■ **Data section**
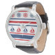 赤航海の、青、白の背景に帆船とコンパスの装飾が付いたストライプのデザイン
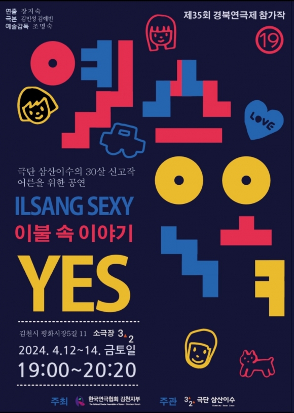 | 연극 ‘YES’는 순수창작극으로, 김천의 유일한 극단 삼산이수(대표 강정식)가 창단 30주년을 맞아 제작한 서른살 신고작이다. 경북연극제 출품작인 이번 작품은 연극제 기간 중인 4월 12일부터 14일까지 매일 오후 7시 3회에 걸쳐 소극장3.2(평화시장 5길 11 2층) 무대에 오른다.
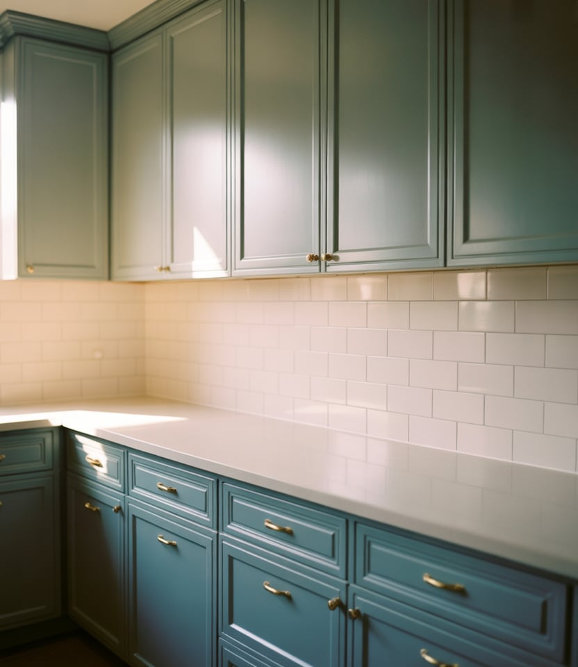 Soft, desaturated blue cabinets continue to appeal in 2026, especially in family kitchens. These shades pair effortlessly with a white countertop and simple finishes, creating a look that feels calm rather than decorative. Blue reads as neutral enough for daily use.

■ **Instructions to follow**
Starting at the line that contains "2층) 무대에 오른다.", retype each line through the final one in the listing, with both ends kept and the pictures omitted.

■ **Answer area**
 | 연극 ‘YES’는 순수창작극으로, 김천의 유일한 극단 삼산이수(대표 강정식)가 창단 30주년을 맞아 제작한 서른살 신고작이다. 경북연극제 출품작인 이번 작품은 연극제 기간 중인 4월 12일부터 14일까지 매일 오후 7시 3회에 걸쳐 소극장3.2(평화시장 5길 11 2층) 무대에 오른다.
 Soft, desaturated blue cabinets continue to appeal in 2026, especially in family kitchens. These shades pair effortlessly with a white countertop and simple finishes, creating a look that feels calm rather than decorative. Blue reads as neutral enough for daily use.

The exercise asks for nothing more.